··· Given data

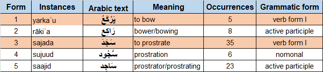 Out of 13 instances of yarka`u and its derived forms, 5 instances of yarka`u meaning ‘to bow’ in the verb form I, and out of 64 instances of sajada and its derived forms, 35 instances of sajada meaning ‘to prostrate’ in the verb form I in the Quran, are reviewed below to better understand their meanings in different contexts:
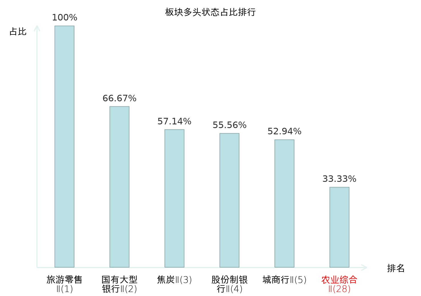 全市场所有行业板块中主力多头状态占比排名中,旅游零售Ⅱ板块位居第一。其他家电Ⅱ板块名次提升最快,较昨日上升101位。
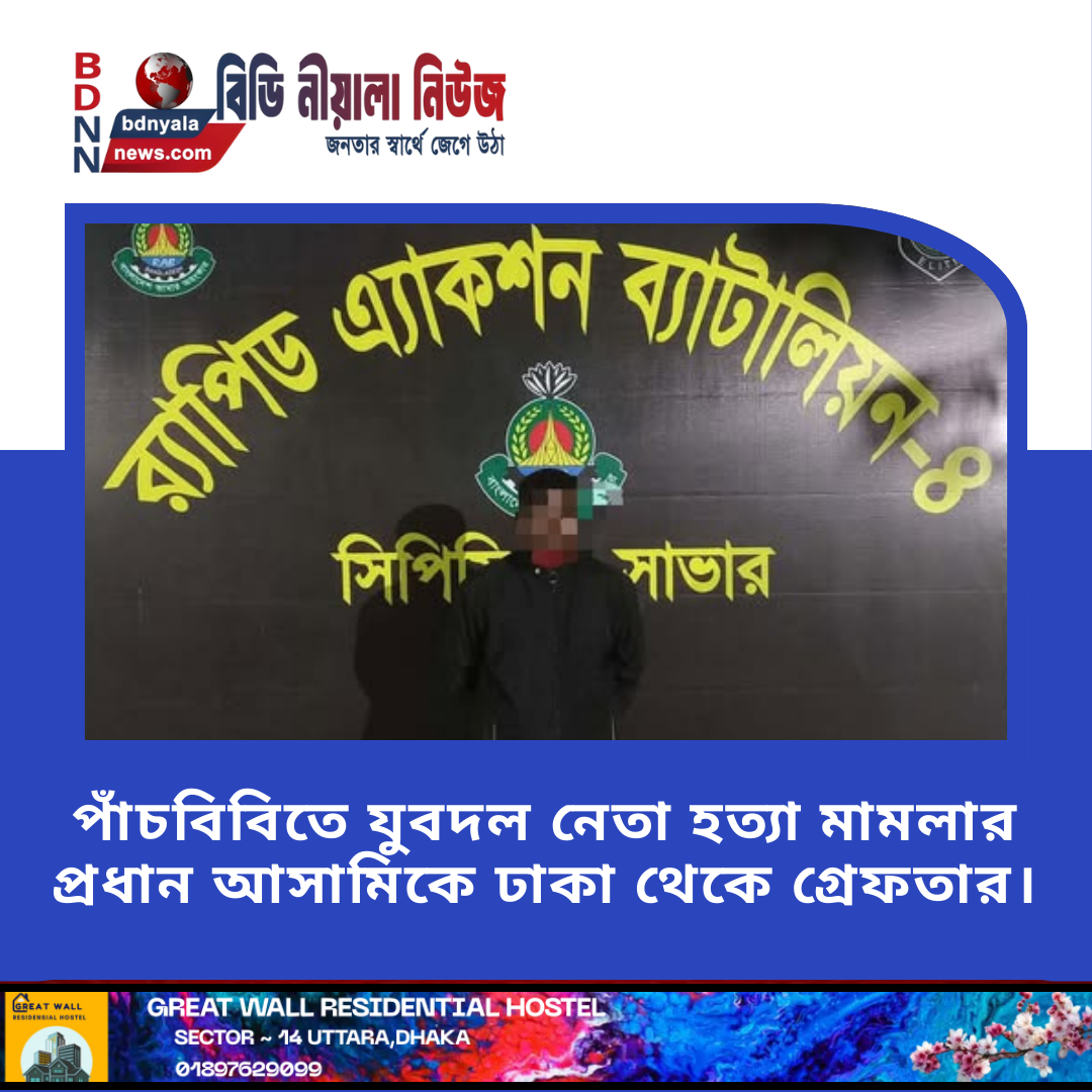 মোঃ আমজাদ হোসেন স্টাফ রিপোর্টার: জয়পুরহাটের পাঁচবিবিতে চাঞ্চল্যকর ইয়ানুর হোসেন (৩২) হত্যা মামলার অন্যতম প্রধান এজাহারনামীয় আসামি গোলাম মোস্তফাকে (৫৫)...
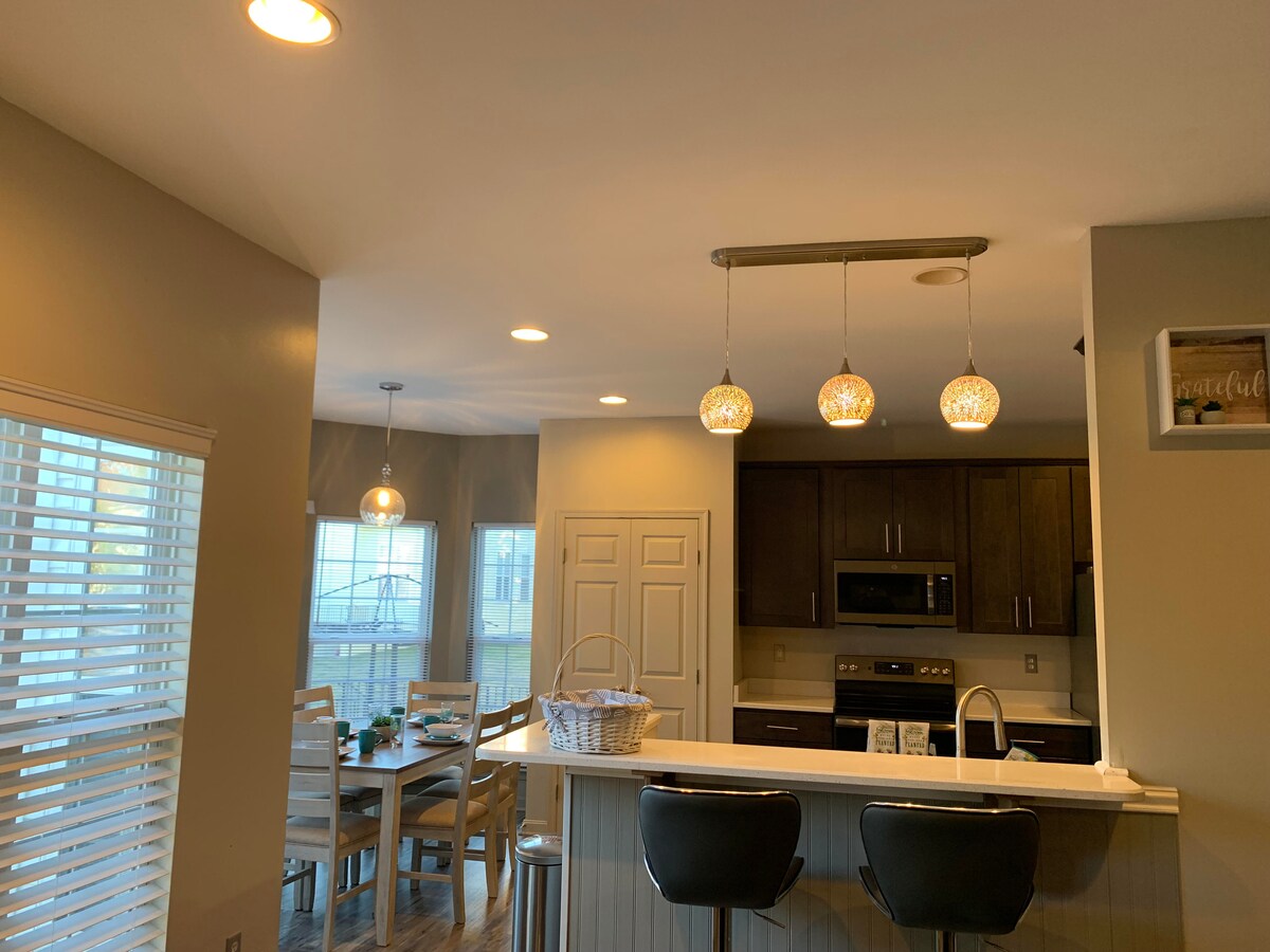 Tágas, 4 hálószobás otthon hátsó udvarral, játékszobával és nagyszerű elhelyezkedéssel! Üdvözlünk az otthonodban, távol az otthonodtól! Ez a kényelmes és tágas ház mindent kínál, amire szükséged lehet a pihentető tartózkodáshoz. 4 hangulatos hálószoba, 2 teljes fürdőszoba, egy teljesen felszerelt konyha, egy barátságos nappali, amely kanapéággyá alakul, valamint egy szórakoztató alagsor biliárdasztallal, amely tökéletes a pihenéshez vagy a családdal és a barátokkal töltött időhöz. Élvezd a hátsó udvart grillezővel a szabadtéri étkezésekhez és a minőségi időhöz.
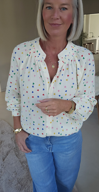 De Nina blouse is een vrolijke must-have die meteen kleur en speelsheid aan je outfit toevoegt. De lichte katoenen stof en subtiele hartjesprint zorgen voor een zachte, luchtige feel, terwijl de plooidetails aan de hals een…

······

What needs to be done :: Send back the data above verbatim, leaving out its pictures.

Task answer ::
 Out of 13 instances of yarka`u and its derived forms, 5 instances of yarka`u meaning ‘to bow’ in the verb form I, and out of 64 instances of sajada and its derived forms, 35 instances of sajada meaning ‘to prostrate’ in the verb form I in the Quran, are reviewed below to better understand their meanings in different contexts:
 全市场所有行业板块中主力多头状态占比排名中,旅游零售Ⅱ板块位居第一。其他家电Ⅱ板块名次提升最快,较昨日上升101位。
 মোঃ আমজাদ হোসেন স্টাফ রিপোর্টার: জয়পুরহাটের পাঁচবিবিতে চাঞ্চল্যকর ইয়ানুর হোসেন (৩২) হত্যা মামলার অন্যতম প্রধান এজাহারনামীয় আসামি গোলাম মোস্তফাকে (৫৫)...
 Tágas, 4 hálószobás otthon hátsó udvarral, játékszobával és nagyszerű elhelyezkedéssel! Üdvözlünk az otthonodban, távol az otthonodtól! Ez a kényelmes és tágas ház mindent kínál, amire szükséged lehet a pihentető tartózkodáshoz. 4 hangulatos hálószoba, 2 teljes fürdőszoba, egy teljesen felszerelt konyha, egy barátságos nappali, amely kanapéággyá alakul, valamint egy szórakoztató alagsor biliárdasztallal, amely tökéletes a pihenéshez vagy a családdal és a barátokkal töltött időhöz. Élvezd a hátsó udvart grillezővel a szabadtéri étkezésekhez és a minőségi időhöz.
 De Nina blouse is een vrolijke must-have die meteen kleur en speelsheid aan je outfit toevoegt. De lichte katoenen stof en subtiele hartjesprint zorgen voor een zachte, luchtige feel, terwijl de plooidetails aan de hals een…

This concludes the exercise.